> _Exercise aim_
Reproduce the listing below exactly, beginning with its first line and ending with the line that holds "Il est maintenant"; pictures are not part of the copy.

◇ ◇ ◇ ◇

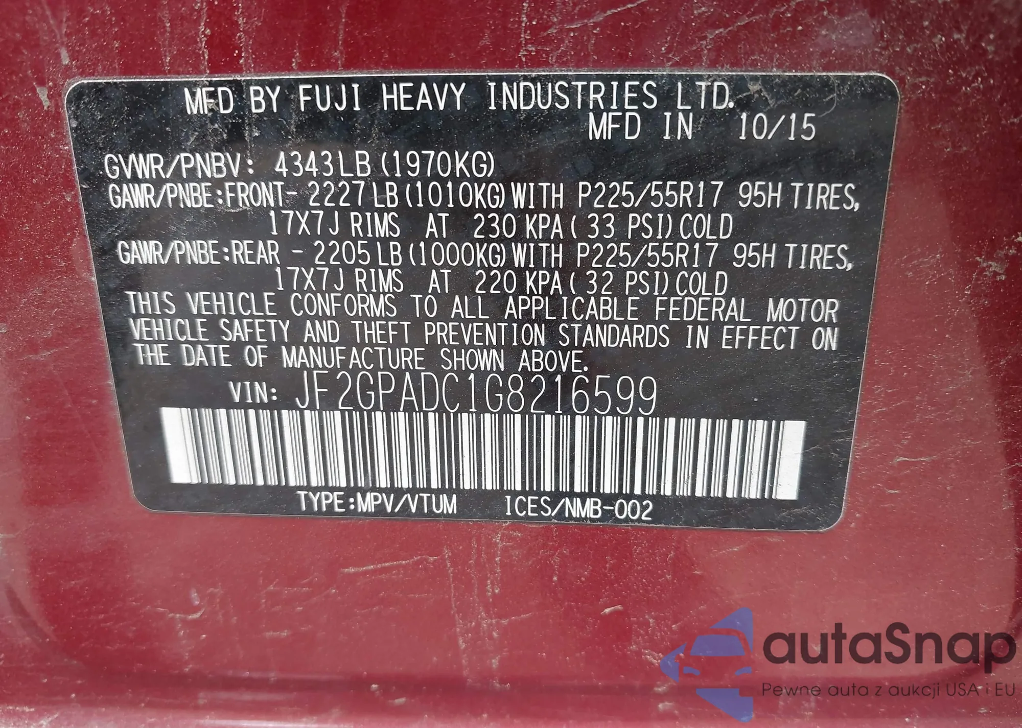 VIN: JF2GPADC1G8216599
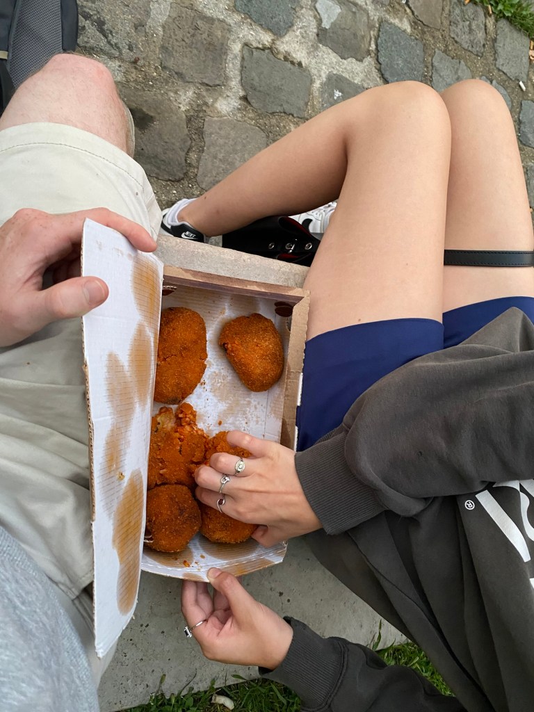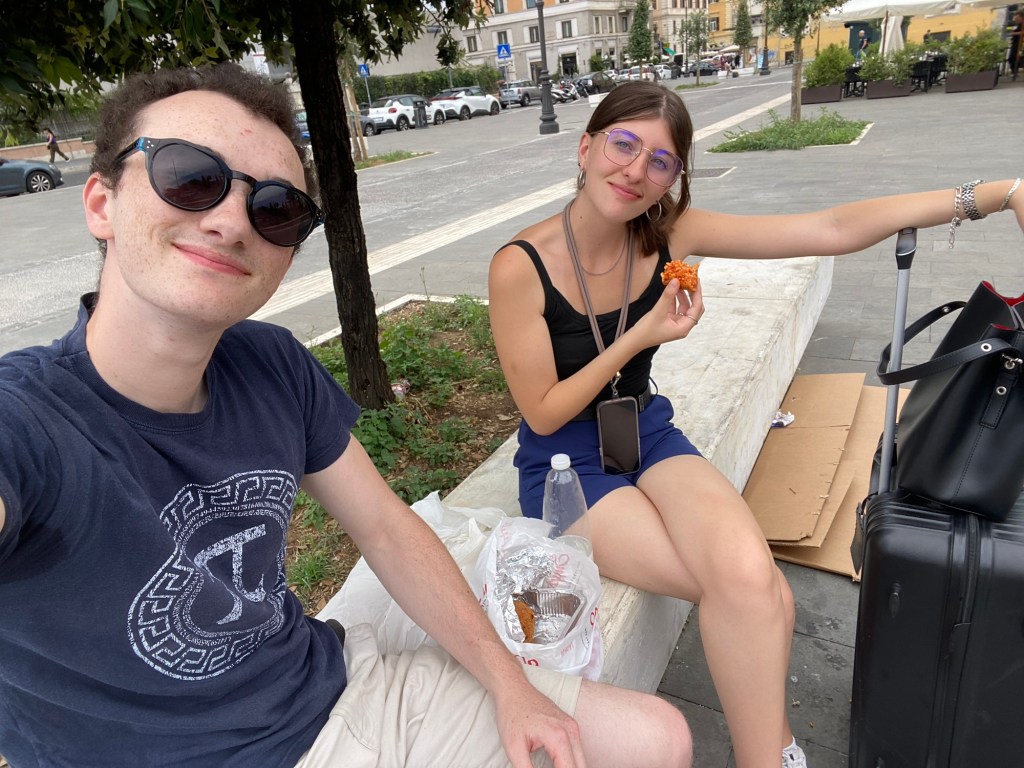 Il est maintenant 13 heures, et on décide de manger les supplì qu’on avait achetés ce matin en sortant de l’hôtel. Une petite pause bien méritée avant de continuer notre trajet !
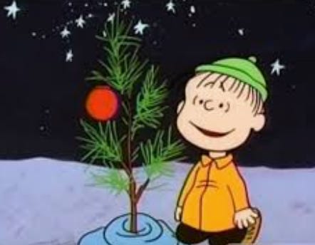 My Christmas trees are not the full, fluffy factory-farmed evergreens from lots that grace greeting cards, hotel lobbies, and homes in Hallmark movies. My Christmas trees are sparse and spindly grown-up versions of Linus’ imperfect but lovable tree in a Charlie Brown Christmas.
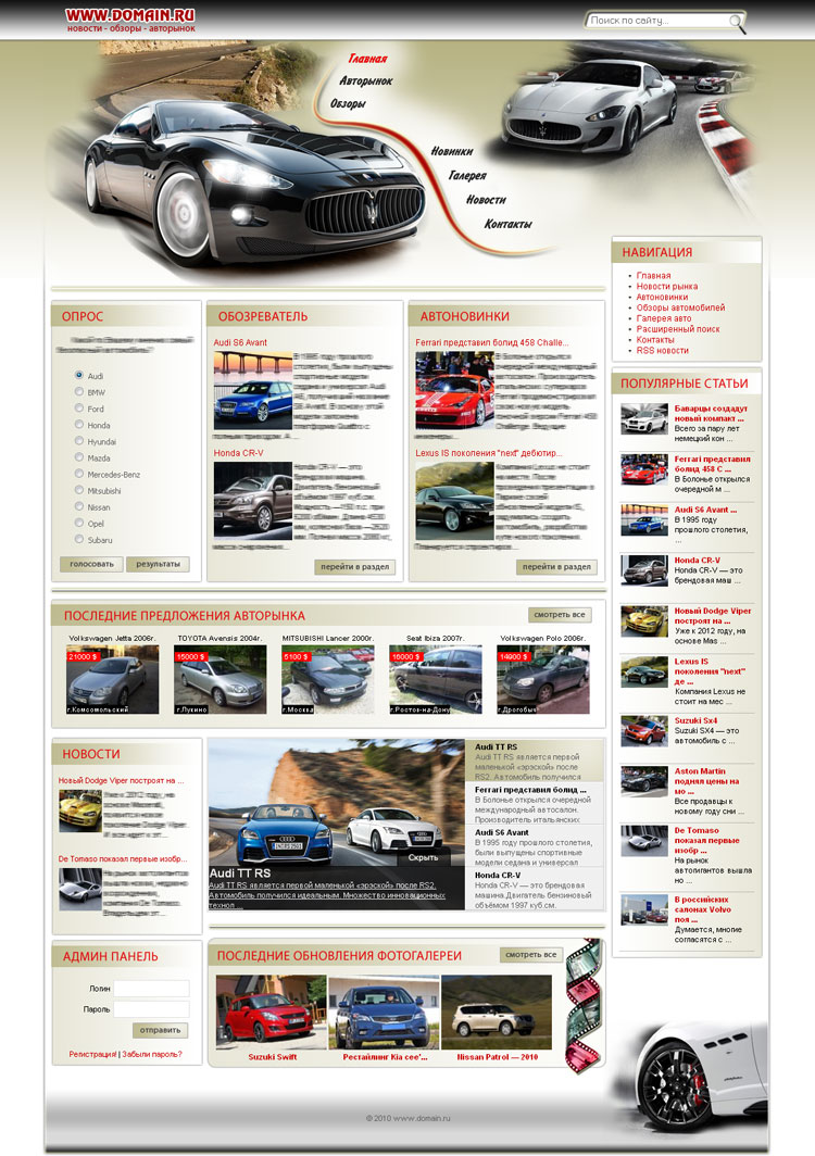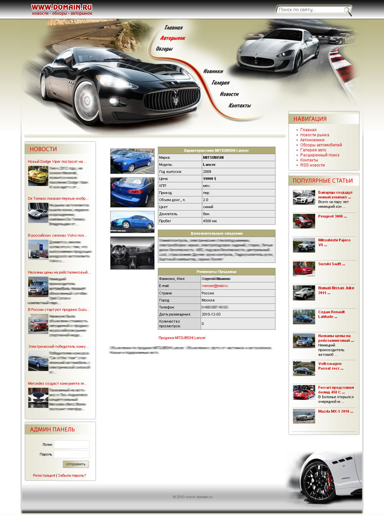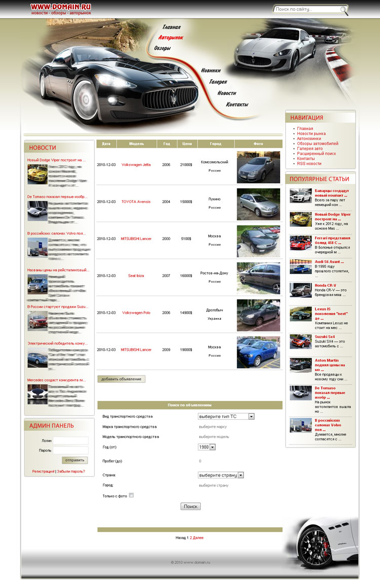 - Модуль Авторынка (предоставляется возможность посетителям сайта размещать объявления о продаже автомобилей).
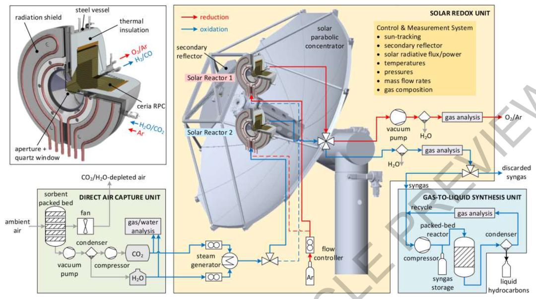 該裝(zhuang)置(zhi)(zhi)由3部分構成:第(di)一是(shi)能(neng)(neng)夠直接(jie)從空氣(qi)(qi)中提(ti)取二氧(yang)化碳和(he)水的捕獲(huo)裝(zhuang)置(zhi)(zhi);第(di)二是(shi)能(neng)(neng)利用太陽能(neng)(neng)將水和(he)二氧(yang)化碳轉換(huan)為合成氣(qi)(qi)的太陽氧(yang)化還原(yuan)裝(zhuang)置(zhi)(zhi);第(di)三是(shi)能(neng)(neng)將合成氣(qi)(qi)轉換(huan)為液態烴或甲醇的氣(qi)(qi)轉液裝(zhuang)置(zhi)(zhi)。
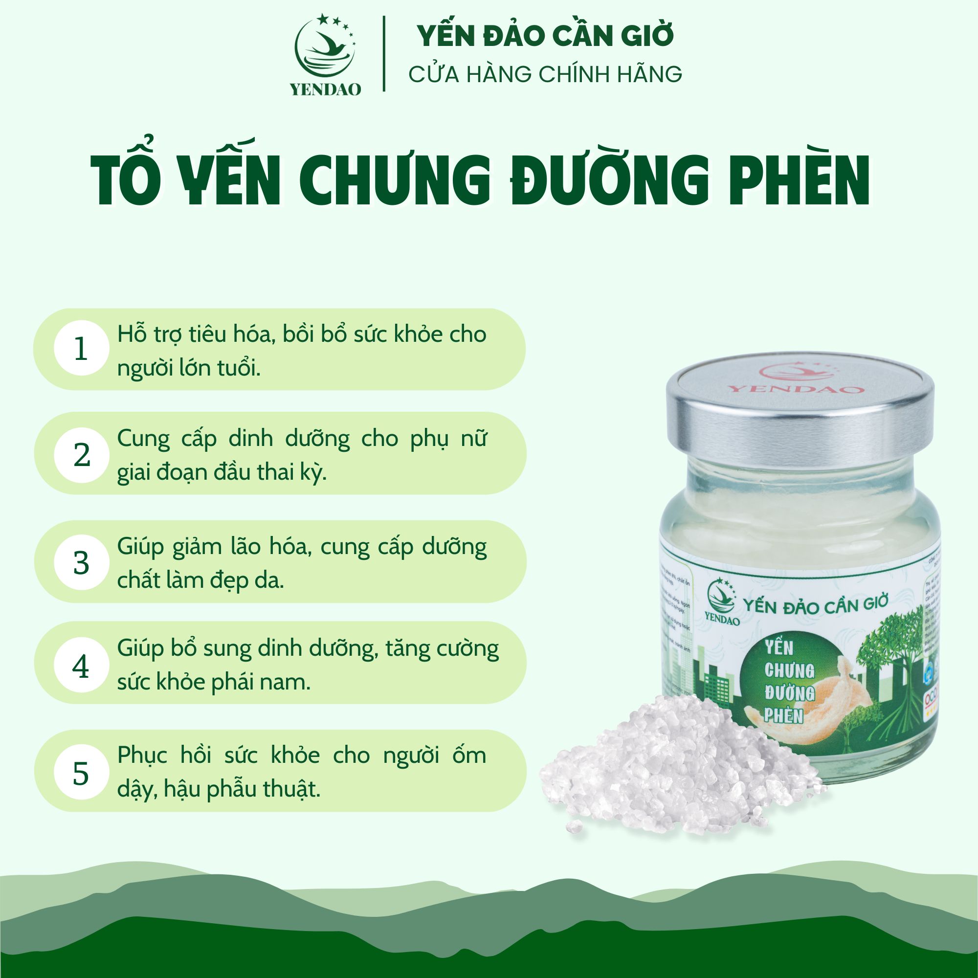 - Mô tả: Yến Hũ Chưng Đường Phèn được chưng từ Tổ Yến xanh sạch Cần Giờ, giàu dinh dưỡng, hỗ trợ bồi bổ sức khỏe, phù hợp cho mẹ bầu, mẹ sau sinh. Sản phẩm có hương vị thanh nhẹ, dịu ngọt, dễ sử dụng hàng ngày giúp tăng cường đề kháng, phục hồi sức khỏe hiệu quả. THÔNG TIN SẢN PHẨM
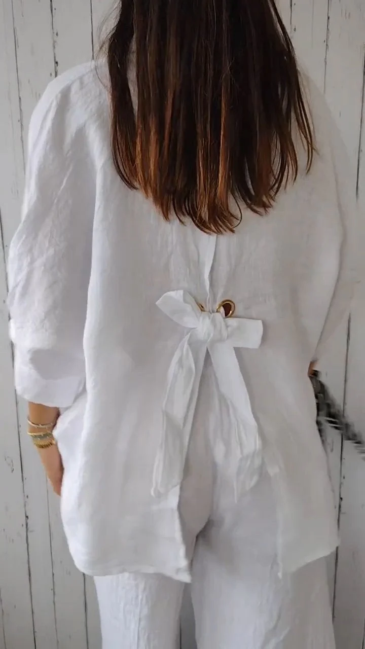 Linen Bow-Back Blouse – Summer Elegance in Linen
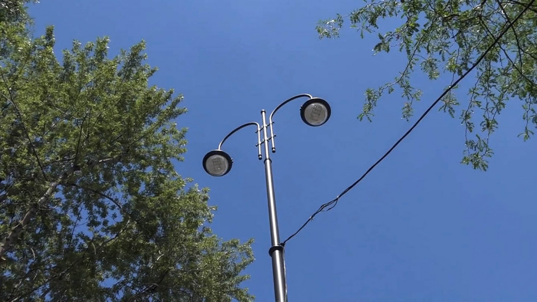 Далее побывали в сквере имени Т. Турсунбаевой. В зоне отдыха муниципальное предприятие «Бишкексвет» установило фонари в пушкинском стиле. Внешне они выглядят совсем как в прошлом веке, а вот начинка у них уже современная и энергосберегающая. Эти светильники — светодиодные, они будут освещать сквер по всем стандартам и, в то же время, экономить электроэнергию.

◇ ◇ ◇ ◇

> _Solution for this problem_
 VIN: JF2GPADC1G8216599
 Il est maintenant 13 heures, et on décide de manger les supplì qu’on avait achetés ce matin en sortant de l’hôtel. Une petite pause bien méritée avant de continuer notre trajet !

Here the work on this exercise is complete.